One thing that stands out in this diagram is the database access occurring from many different parts of the code. One approach to improving the maintainability of this code might be to re-organize database access so that it occurs from a dedicated package. Routing all the database access through a dedicated and well-structured package can help to confine the "blast radius" of schema changes.

Recommendations

If you inherit a large codebase, you don't have much control over the internal architecture. If it's already devolved into a "ball of mud", you have to work with it as it is. Attack the testing problem with a multi-faceted strategy.

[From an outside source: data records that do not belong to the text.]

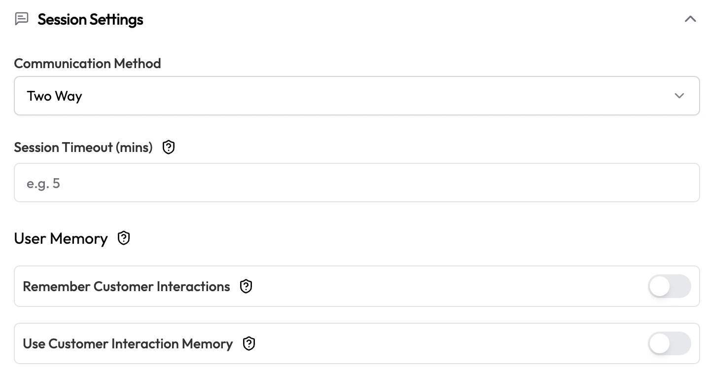 | Use Customer Interaction Memory | Toggle | Off | Pull past execution summaries into context when this agent is triggered again for the same user or entity. |
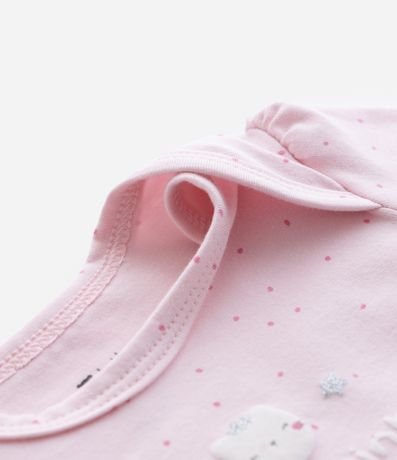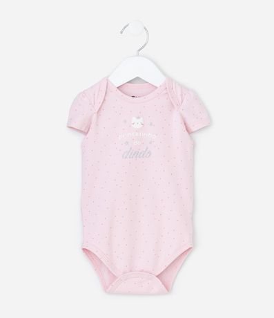 Ref: Body infantil confeccionado em cotton mais sustentável através de boas práticas ambientais, com gola americana, manga curta com estampa poá, lettering "Princesinha do Dindo" e possui fechamento no entrepernas.
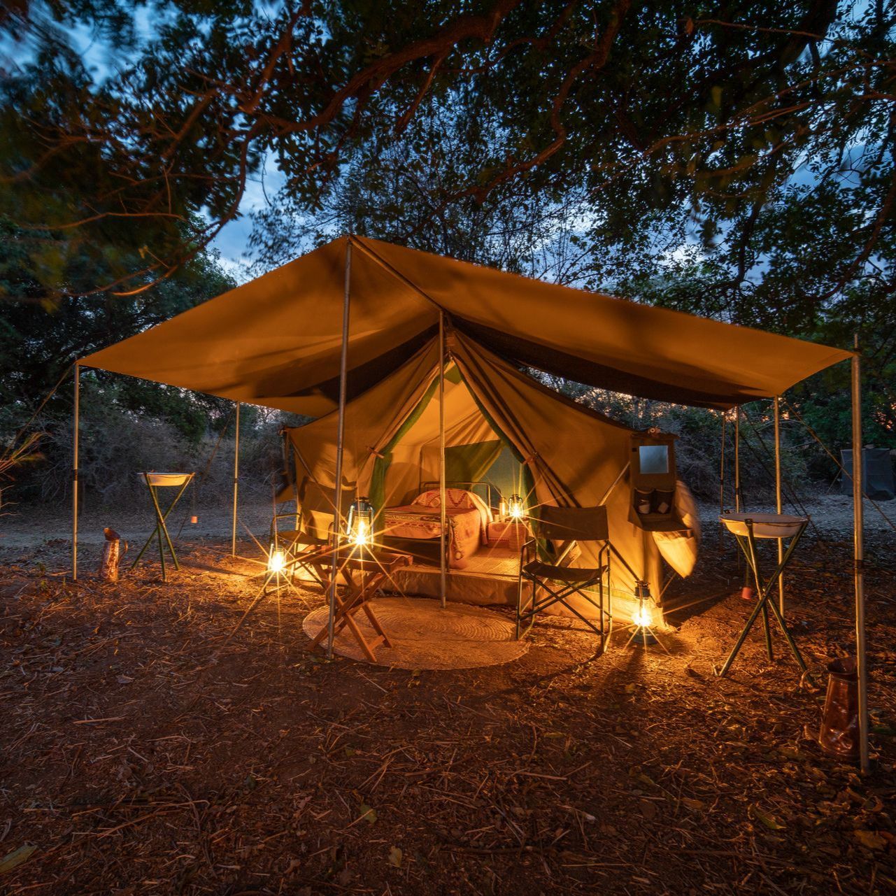After an early breakfast, you will be heading north to start your walking mobile which has become known as THE wilderness experience of the South Luangwa. Your drive is some 90kms to the Mupamadzi River along a bush road, through remote parts of the park. You arrive in camp for lunch around mid-day. The camp is already set up for your arrival with well-equipped walk-in tents. The shower is under a tree and the toilet is a long drop with a wooden throne. Enjoy a relaxing siesta after lunch, before tea and going for a walk around camp in the afternoon, to return for sundowners and dinner in the open under the stars! MOBILE CAMP
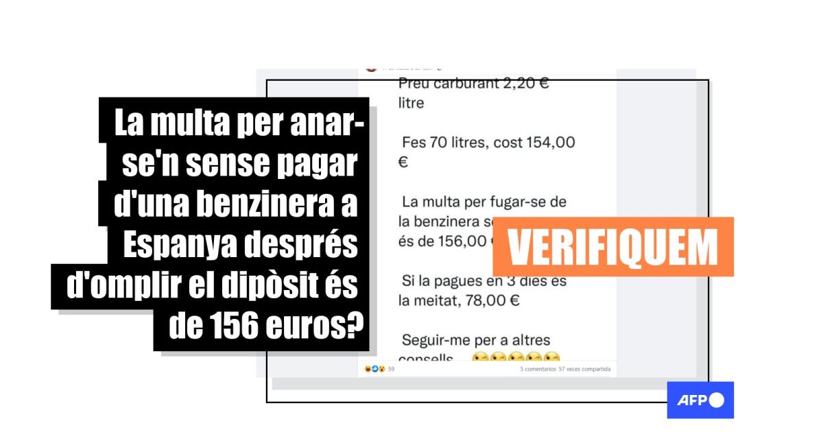 Les publicacions en català a Facebook (1, 2) fan un càlcul matemàtic, estimant el preu del carburant en 2,20 euros el litre. Per tant, omplir un dipòsit de 70 litres costaria 154 euros. “La multa per fugar-se de la benzinera sense pagar és de 156,00” euros, diuen les entrades, que afegeixen: “Si la pagues en 3 dies és la meitat, 78,00€”.
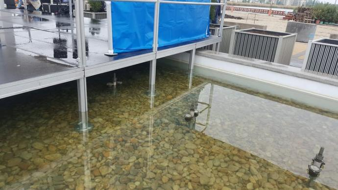 A hat torony közé 23m x 17m színpad fedésére alkalmas.
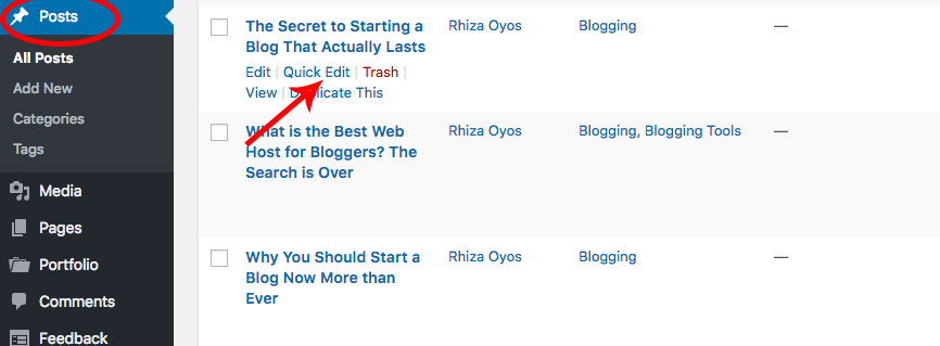 - On your old blog’s WordPress dashboard, manually place the posts you want to migrate under a unique category.
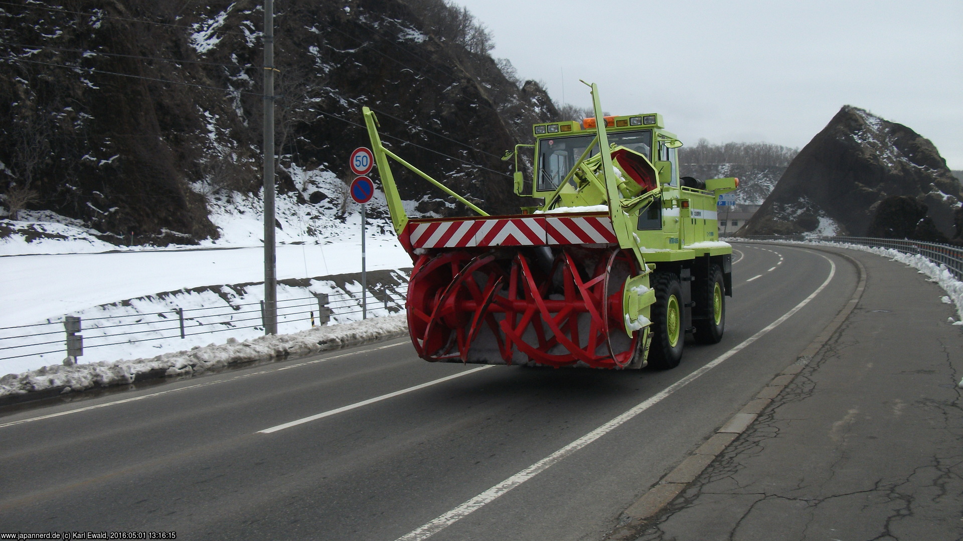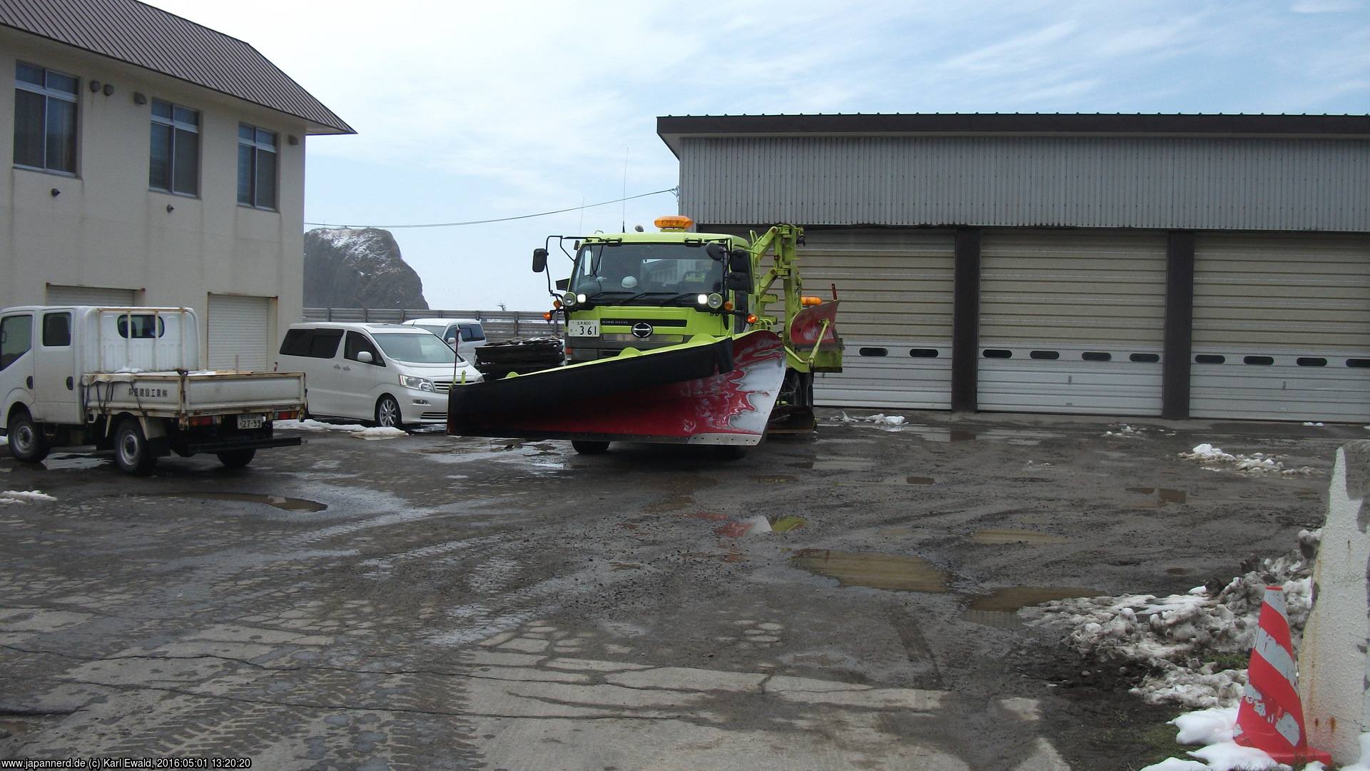Shiretoko, bei Utoro: Schneepflug bei der Ausfahrt aus der Straßenmeisterei
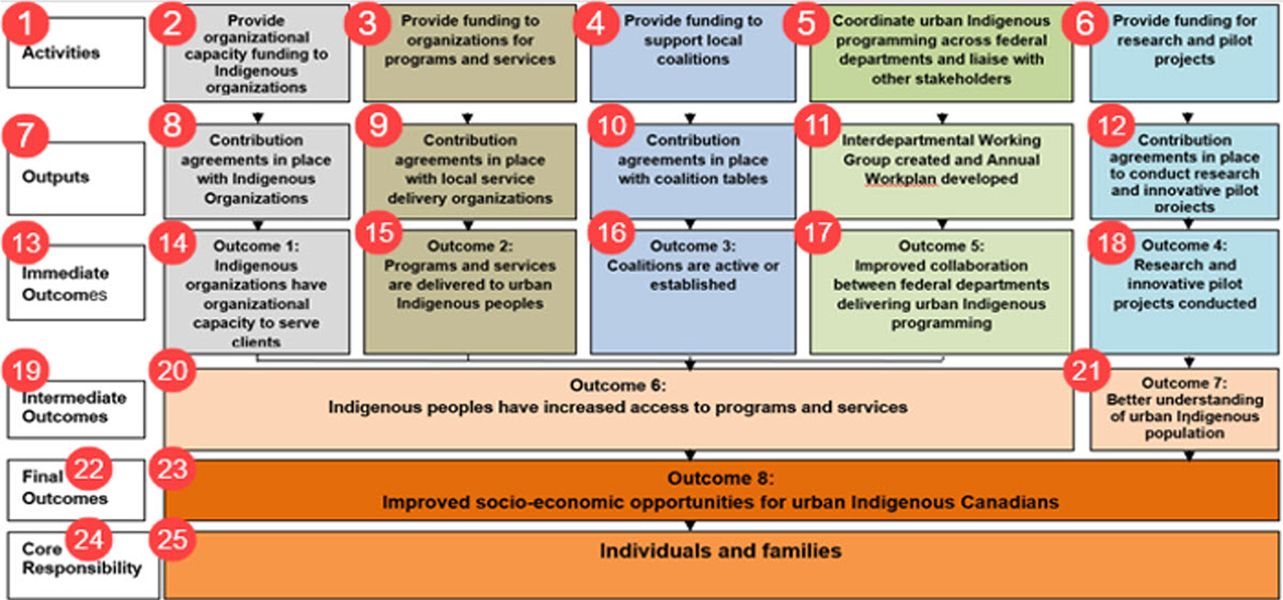 - Travailler avec les partenaires autochtones vivant en milieu urbain pour redéfinir le modèle logique de programme des PUPA et les indicateurs de rendement.

1) Begin to add internal modularity.
2) Identify and speed up particularly slow tests.
3) Collect data about code execution paths and use it to compute your best-guess blast radius for a given change.

If your codebase is medium-sized and growing, recognize the importance of modularity and start to head in that direction. You have some time to get there, but it's useful to get started now. Some concrete things you can do:

1) Measure the modularity of the code, and look for some obvious areas of deficiency.
2) Set some modularity goals, and drive towards those goals over time. Having these goals will also help the business owners to understand how the time being spent on this effort is paying dividends. Good initial goals might be to centralize the database access in a single package, or to refactor domain logic out of the controllers and models and into dedicated packages.
3) Educate stakeholders about a basic fact - the faster the tests can be run, the quicker and more frequently the product can be released.

Everyone understands, and loves, the value of speed!

Open source resources

[1] Bazel, a build and test tool based on Google Blaze.
[2] Solidus, an e-commerce system, written in Ruby on Rails.
[3] AppLand framework, a tool to record, display, and analyze end-to-end code and data flows.
Shopify/packwerk, a Ruby library for defining and enforcing modularity.